The method of the first aspect may further include the step of processing sounds picked up by the one or more air microphones into a processed air microphone audio signal. The audio signal is the electrical output of the one or more air microphones. The processing may be any technique which can be used to pick-up sounds and create a suitable electrical audio signal. The processing may be applied to various properties of picked-up sounds such as amplitude, frequency, timbre, phase, and envelop.

Embodiments of the invention relate to methods and devices for reducing noise in the obtained output audio signal by enhancing the signal-to-noise ratio (SNR) of the voice that is picked up, wherein the voice signal is the desired signal of the SNR.

Embodiments of the method may further include the step of generating an output audio signal by combining the air microphone audio signal and the vibration sensor audio signal. Air microphones detect sound waves travelling in the air by converting the pressure variations of sound waves into electrical signals. In a noisy environment, air microphones will collect audio signals that have low SNR. As a result, the processed air microphone audio signal may predominantly contain noise signal. A vibration sensor may collect audio signals which have higher SNR than the air microphone. By combining the audio signals captured by different sources, the resultant output audio signal can have higher SNR than the SNR of the audio signal picked-up by the vibration sensor.

Combining of audio signals refers to any mathematical (addition, subtraction, linear combination, multiplication, integration, etc.) combination of properties of respective electrical audio signals. Preferably combining of audio signals refers to addition or subtraction of amplitudes of the audio signal. The audio output will have a duration corresponding to a certain duration of live sounds. The combined air microphone and vibration sensor audio signals span the same duration live sounds and have been captured at generally the same time and location.

Preferably the combining is embodied by subtracting the air microphone audio signal and the vibration sensor audio signal. to obtain a subtracted audio output audio signal. The subtraction may be carried out by using a subtractor. The subtracting step surprisingly results in reducing the noise portion of the processed vibration sensor audio signal. In this noisy environment, the low SNR signal of air microphone may be used to suppress the noise in the vibration sensor signal. As a result, the audio output audio signal has higher SNR.

In embodiments, the method of the first aspect may comprise the step of adjusting any of the properties of the audio signals that are input to the subtractor, preferably of the air microphone audio signal, and most preferably the amplitude of the audio signal, using an adaptive filter. An adaptive filter may adjust, by amplification (amplification is being used here to not only refer to an increase in signal but also a decrease, e.g. an amplification value between 0 and 1) the air microphone audio signal so that subsequent subtraction using that adjusted air microphone audio signal results in a higher SNR in the output audio signal.

In embodiments, the method of the first aspect may further comprise configuring, e.g. weighing, the adaptive filter based on the subtracted output audio signal, preferably on the SNR of the subtracted output audio signal.
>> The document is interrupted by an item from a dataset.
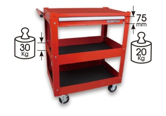 Wózek warsztatowy 1 szuflada, blat roboczy, 2 półki (bez narzędzi) - czerwony, prowadnice łożyskowane. Wymiary całkowite bez kółek: szer. 716 x gł. 410 x wys. 750 mm. Wymiary całkowite z kółkami: szer. 716 x gł. 410 x wys. 855 mm. Wymiary szuflady: szer. 569 x gł. 275 x wys. 75 mm

The method can be implemented by a feedback control loop by connecting the subtracted output audio signal to the adaptive filter for controlling the processed air microphone audio signal. In embodiments, increasing or decreasing the amplitude of the air microphone audio signal that is subtracted from the vibration sensor audio signal results in more or less SNR in the resultant subtracted output audio signal and the adaptive filter is adapted according to increase the SNR. This allows optimizing the subsequent subtraction based on the “live” output audio signals.

In embodiments, the adaptive filter allows different filter settings for different frequency bands. Each filter setting can be determined individually based on a frequency band in the output audio signal.

In embodiments, the method of the first aspect may further comprise a step of monitoring a noise level in any of the audio signals. The noise level in the audio signal will be dependent on the (environmental and/or background) noise in the sounds picked up by the headset. The SNR of voice in the audio signals will decrease if noise increases. The noise can vary and is dependent e.g. on where the user is and moves to during use of a headset. By continuously monitoring the noise level in the audio signals, further method steps can be carried out.

In embodiments, when the monitored noise level is high, the method of the first aspect includes outputting the subtracted output audio signal. When the noise level decreases, a second output audio signal is provided by, preferably linearly, combining the subtracted output audio signal with the air microphone audio signal and/or the vibration sensor audio signal. When the noise level decreases, the amount of subtracted output audio signal in the second output audio signal decreases. At low noise levels, the second output audio signal predominantly comprises the vibration sensor audio signal and/or the air microphone audio signal. In a low noise environment, the vibration sensor audio signal and the air microphone audio signal may both have a relatively high SNR. By linearly combining the subtracted output audio signal with the vibration sensor/air microphone audio signal into the second output audio signal, that second output audio signal will have good SNR at any noise level. When the noise level changes, the second output audio signal will transition to a linear combination of the subtracted output audio signal and the vibration sensor/air microphone audio signal. When the noise level varies smoothly, the change in the linear combination of the second output audio signal will transition similarly smoothly.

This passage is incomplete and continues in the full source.